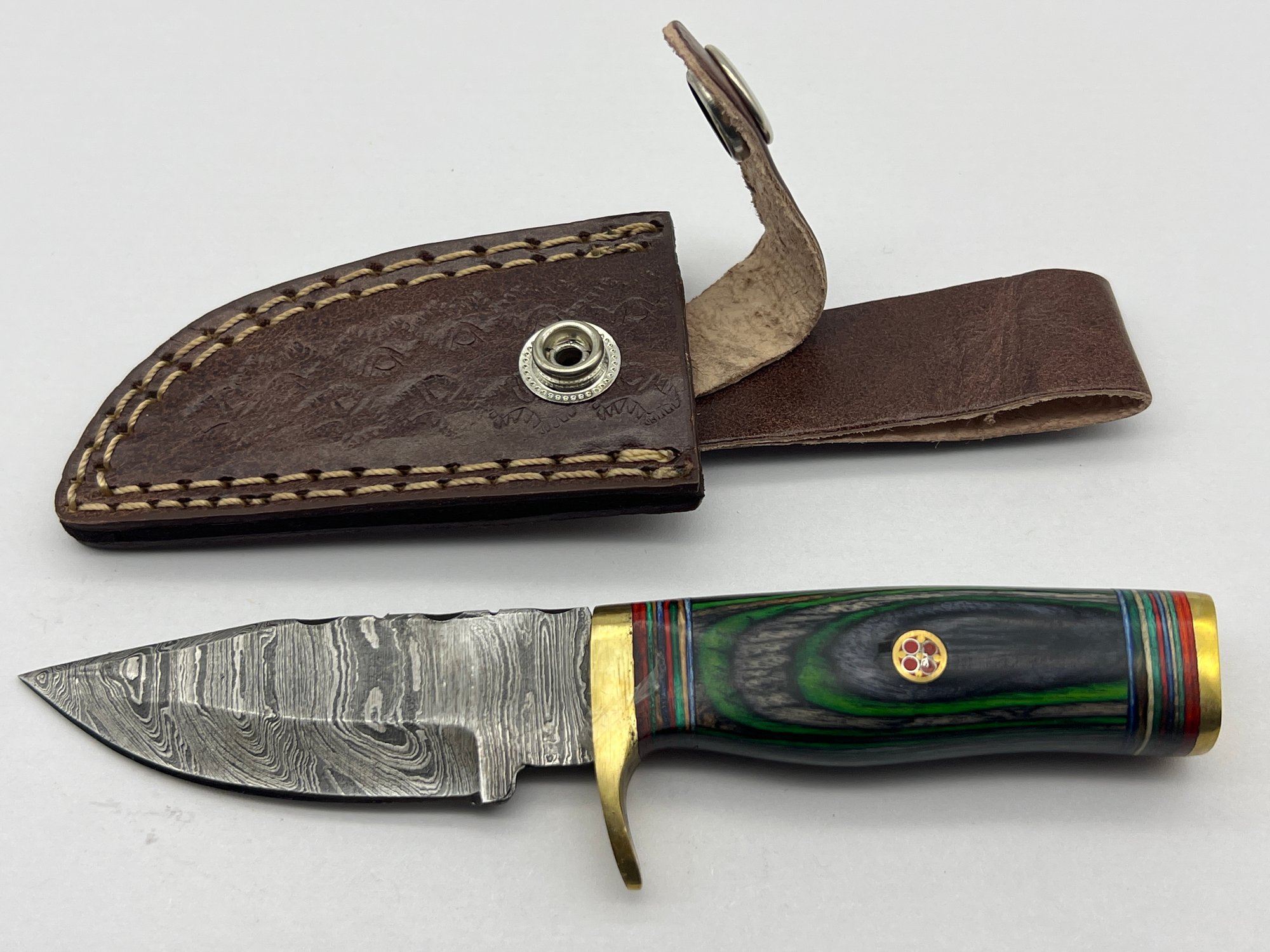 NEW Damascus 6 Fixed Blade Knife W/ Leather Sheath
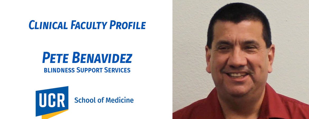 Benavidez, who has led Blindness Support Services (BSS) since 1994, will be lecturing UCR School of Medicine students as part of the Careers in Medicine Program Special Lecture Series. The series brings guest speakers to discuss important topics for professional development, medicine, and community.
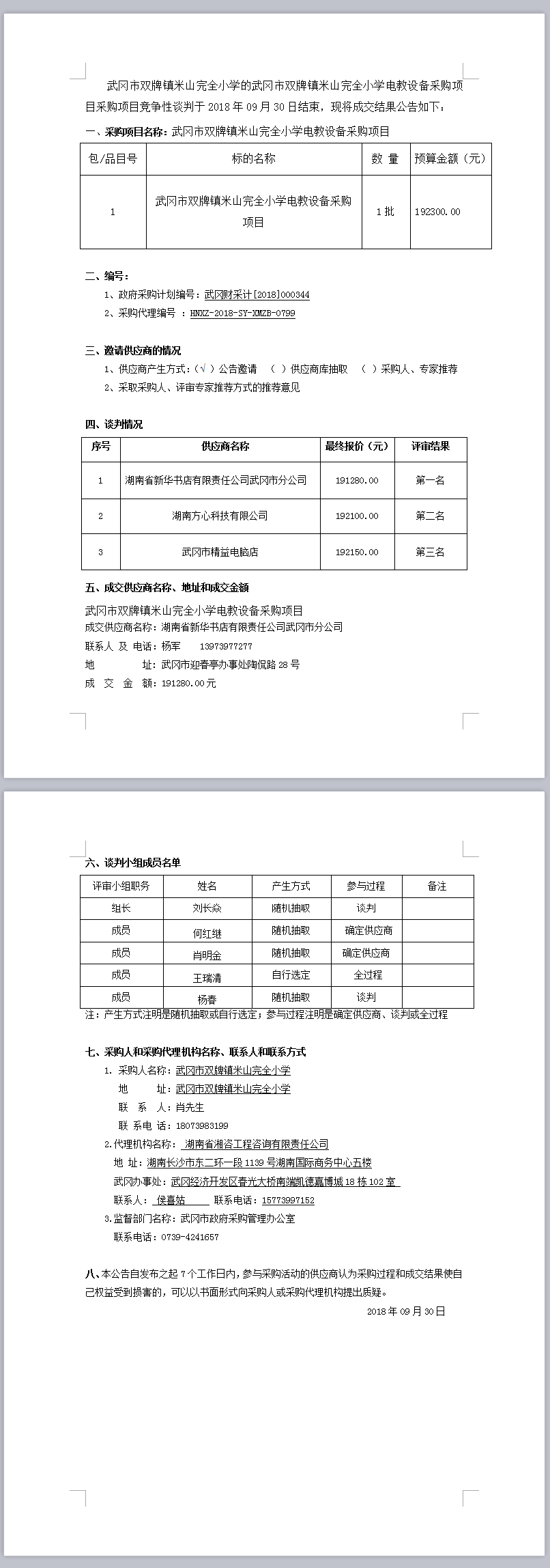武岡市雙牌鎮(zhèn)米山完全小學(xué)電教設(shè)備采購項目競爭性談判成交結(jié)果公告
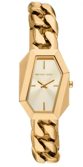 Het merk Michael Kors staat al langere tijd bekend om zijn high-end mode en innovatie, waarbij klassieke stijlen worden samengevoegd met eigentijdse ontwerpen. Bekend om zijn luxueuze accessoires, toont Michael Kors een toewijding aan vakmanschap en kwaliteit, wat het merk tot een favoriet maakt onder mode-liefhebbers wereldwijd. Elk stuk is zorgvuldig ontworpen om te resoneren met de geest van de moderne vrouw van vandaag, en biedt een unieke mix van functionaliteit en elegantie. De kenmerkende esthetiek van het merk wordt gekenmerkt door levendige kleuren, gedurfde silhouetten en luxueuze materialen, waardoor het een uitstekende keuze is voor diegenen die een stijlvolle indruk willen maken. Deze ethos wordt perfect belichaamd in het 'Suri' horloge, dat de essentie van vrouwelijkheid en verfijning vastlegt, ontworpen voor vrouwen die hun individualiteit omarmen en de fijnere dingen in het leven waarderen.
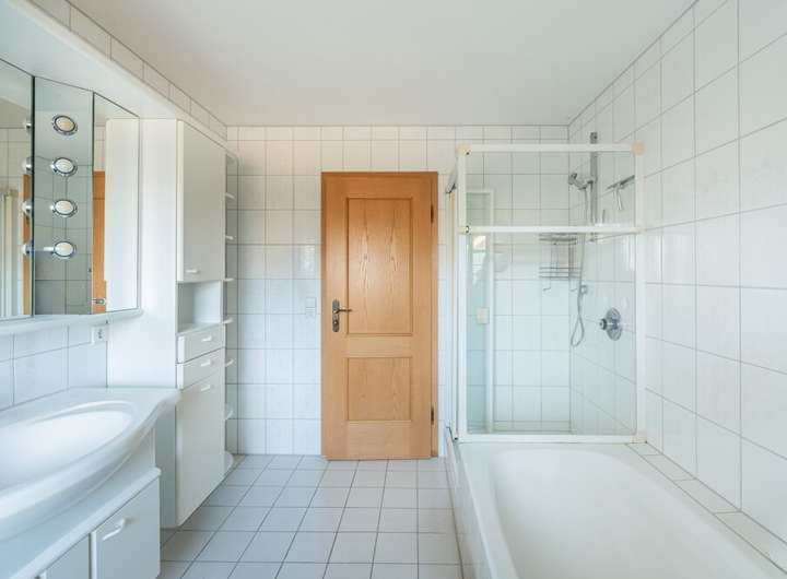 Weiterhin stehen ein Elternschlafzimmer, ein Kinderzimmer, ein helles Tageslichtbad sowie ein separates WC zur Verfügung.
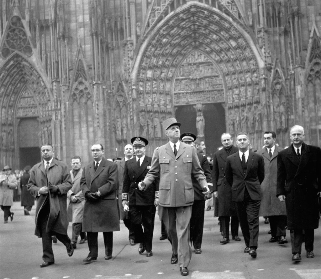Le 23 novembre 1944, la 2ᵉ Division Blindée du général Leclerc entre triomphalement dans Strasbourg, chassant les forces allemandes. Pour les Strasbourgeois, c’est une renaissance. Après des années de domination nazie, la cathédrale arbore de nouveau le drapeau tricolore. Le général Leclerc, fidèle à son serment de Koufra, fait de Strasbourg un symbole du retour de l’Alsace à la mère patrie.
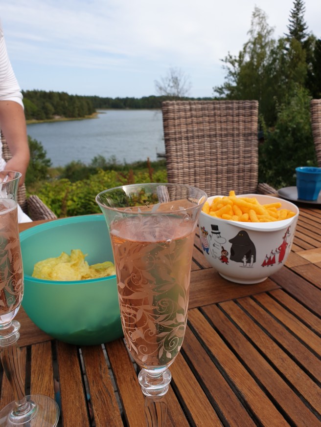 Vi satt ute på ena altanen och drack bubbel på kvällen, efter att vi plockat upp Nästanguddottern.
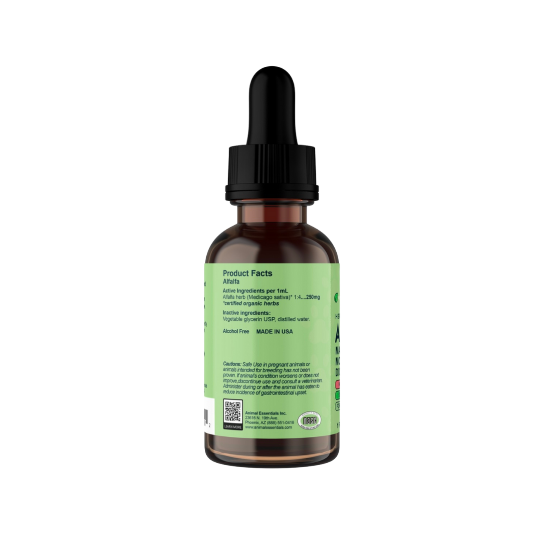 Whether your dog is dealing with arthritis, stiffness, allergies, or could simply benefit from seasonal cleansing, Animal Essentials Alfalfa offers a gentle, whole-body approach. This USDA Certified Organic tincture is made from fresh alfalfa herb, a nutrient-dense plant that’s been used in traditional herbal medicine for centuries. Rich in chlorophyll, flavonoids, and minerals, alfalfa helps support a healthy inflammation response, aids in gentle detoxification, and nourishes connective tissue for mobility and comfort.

* * *

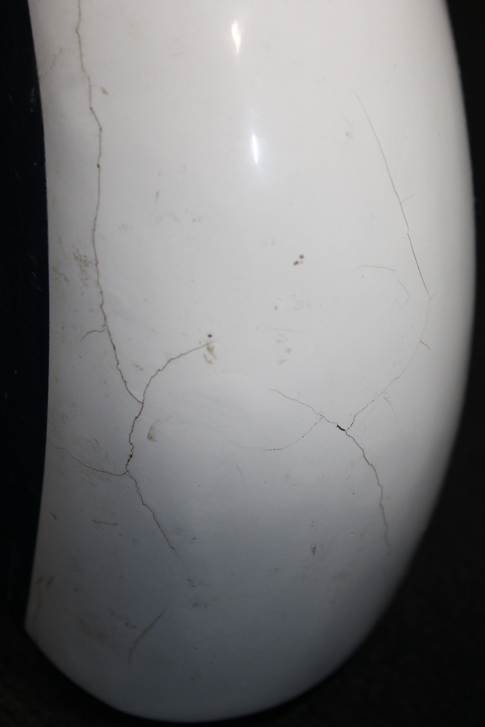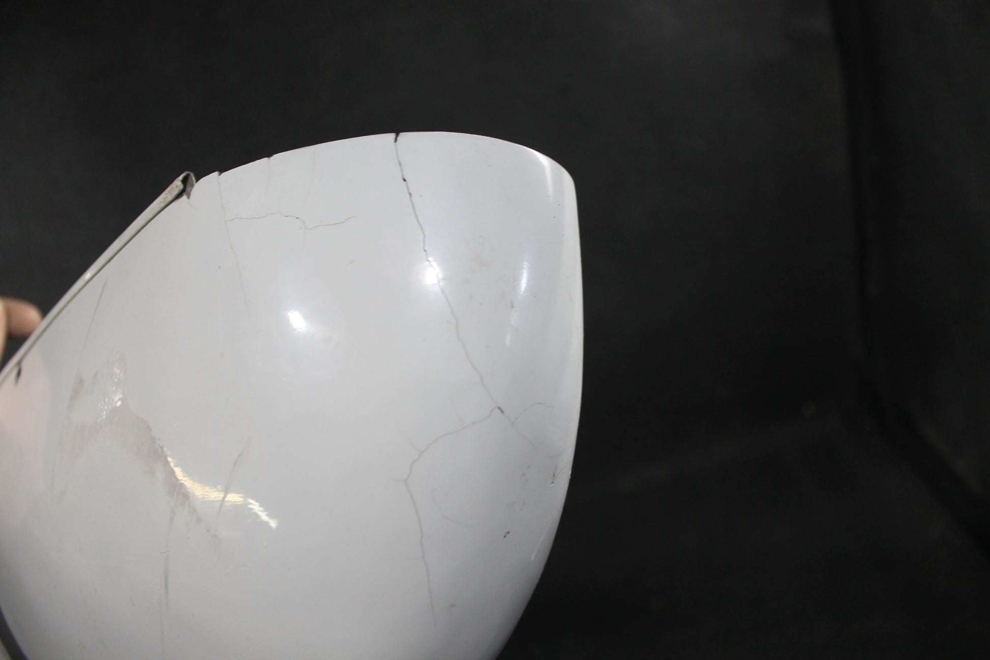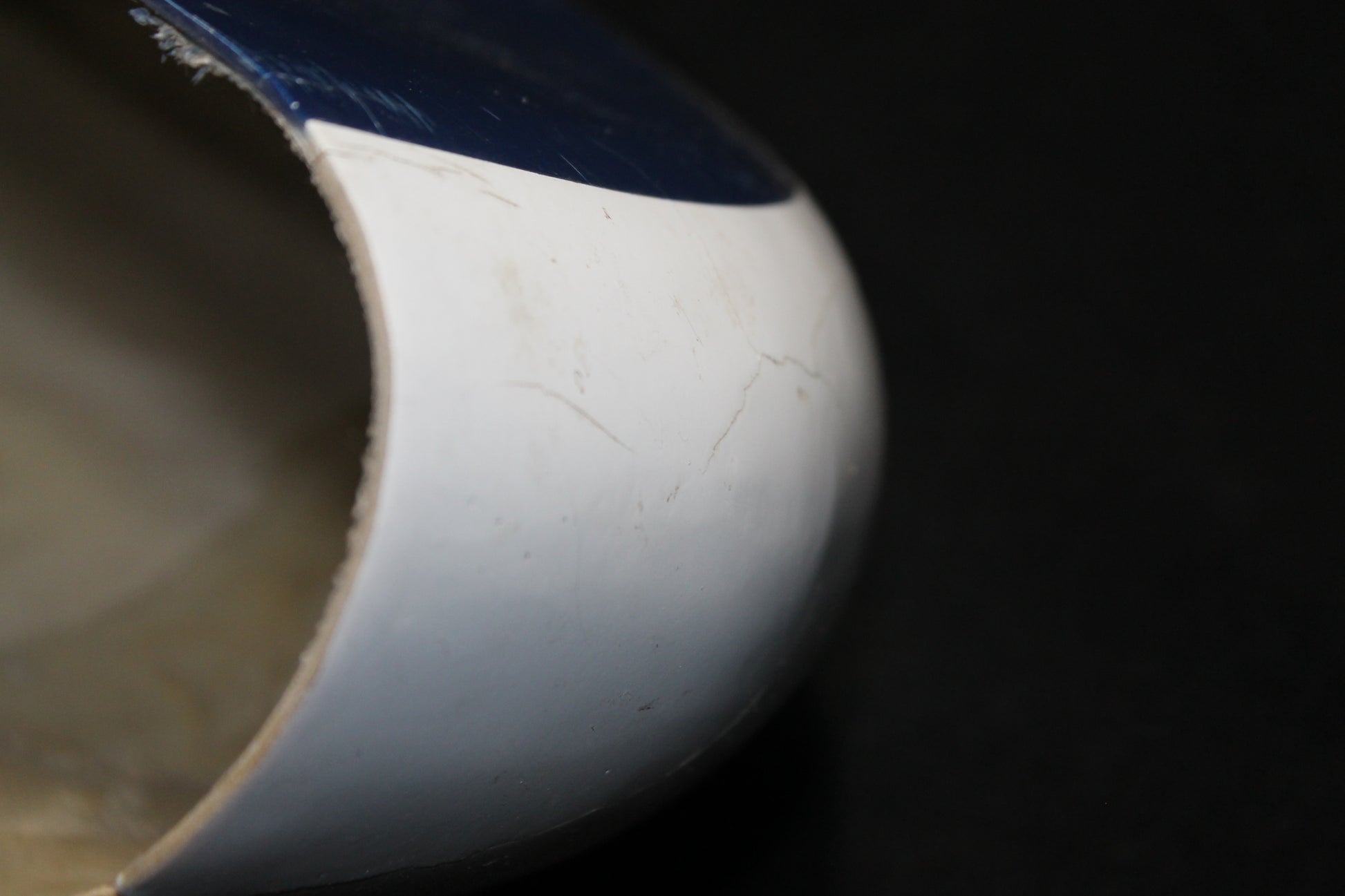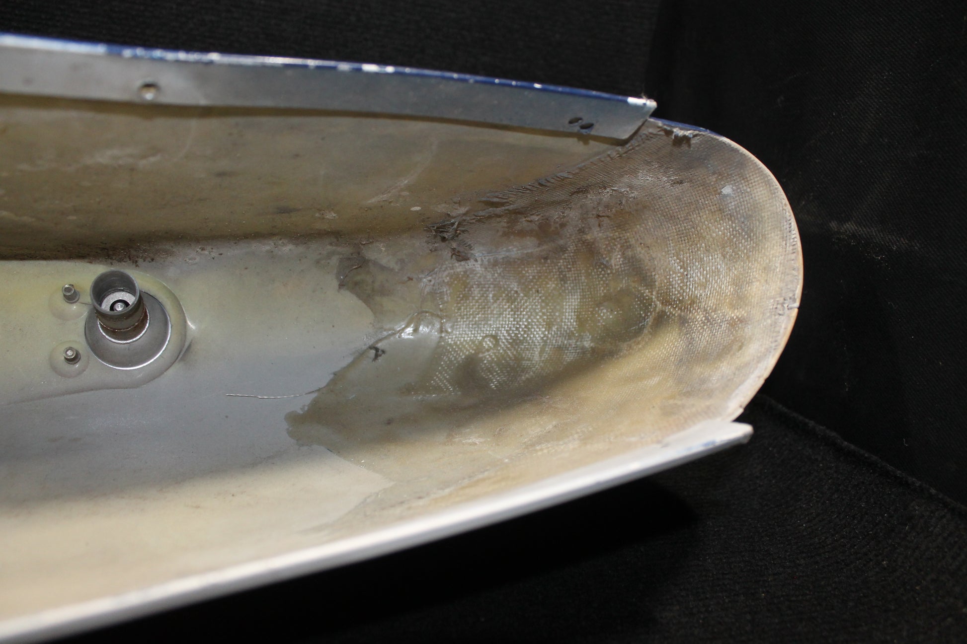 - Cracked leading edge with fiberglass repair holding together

- Task prompt -
Give the lines above again exactly, from the one containing "NEW Damascus 6" to the one containing "Weiterhin stehen ein", both included, but leave out the pictures.

- Exercise response -
 NEW Damascus 6 Fixed Blade Knife W/ Leather Sheath
 Benavidez, who has led Blindness Support Services (BSS) since 1994, will be lecturing UCR School of Medicine students as part of the Careers in Medicine Program Special Lecture Series. The series brings guest speakers to discuss important topics for professional development, medicine, and community.
武岡市雙牌鎮(zhèn)米山完全小學(xué)電教設(shè)備采購項目競爭性談判成交結(jié)果公告
 Het merk Michael Kors staat al langere tijd bekend om zijn high-end mode en innovatie, waarbij klassieke stijlen worden samengevoegd met eigentijdse ontwerpen. Bekend om zijn luxueuze accessoires, toont Michael Kors een toewijding aan vakmanschap en kwaliteit, wat het merk tot een favoriet maakt onder mode-liefhebbers wereldwijd. Elk stuk is zorgvuldig ontworpen om te resoneren met de geest van de moderne vrouw van vandaag, en biedt een unieke mix van functionaliteit en elegantie. De kenmerkende esthetiek van het merk wordt gekenmerkt door levendige kleuren, gedurfde silhouetten en luxueuze materialen, waardoor het een uitstekende keuze is voor diegenen die een stijlvolle indruk willen maken. Deze ethos wordt perfect belichaamd in het 'Suri' horloge, dat de essentie van vrouwelijkheid en verfijning vastlegt, ontworpen voor vrouwen die hun individualiteit omarmen en de fijnere dingen in het leven waarderen.
 Weiterhin stehen ein Elternschlafzimmer, ein Kinderzimmer, ein helles Tageslichtbad sowie ein separates WC zur Verfügung.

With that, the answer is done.